JPH05501635A - high frequency electron amplifier tube - Google Patents

Abstract

(57) [Summary] This bulletin contains application data before electronic filing, so abstract data is not recorded.

Description

[Detailed description of the invention] high frequency electron amplifier tube The present invention relates to power amplifier tubes, such as tetrodes.

As the power that a vacuum tube can output increases, more power is lost within the tube. This must be taken into account and does not pose a risk of deterioration or damage to the vacuum tubes due to abnormal heating. In order to prevent this from happening, power loss must be eliminated.

In vacuum tubes that operate at high frequencies, a Losses arise in particular due to the circulation of high-frequency currents in the grid. Especially quadrupole In the case of tubes, the shielding grid, most often called the G2 grid, is A high frequency current circulates vertically between the bottom. The reason these currents flow is , a grating is placed in the resonant output circuit of the vacuum tube, and a grid is placed in the resonant output circuit of the vacuum tube, and the In all circuits, those currents are set at the nodes and antinodes of current and voltage. This is because that.
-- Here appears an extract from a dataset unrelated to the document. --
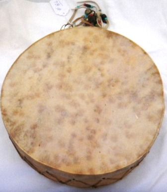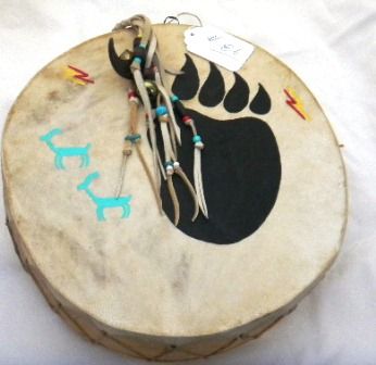 Wood and hide Hopi Drum with painting on front i.e. bear claw and brass bells drops. Condition very good. Shipping $18.00. circa 1950

The highest ultra-high frequency currents are certainly generated in the wave antinode of the current.

Then the grate is heated very much. This heating is corrected inside the sealed vacuum tube. It is not known how to measure this accurately, but it operates at very high powers and high frequencies. Attention has been focused on the appearance of reciprocal lattice currents when producing In other words, a normal lattice Although the current consumption is in one direction, as the operating current of the vacuum tube increases, the grid contact It has been noted that the direction of current flow in the connections is reversed. For example, quadrupole very rapidly during tube startup from a normal positive value of a few amperes to a negative value of a few amperes. It was noticed that things were changing.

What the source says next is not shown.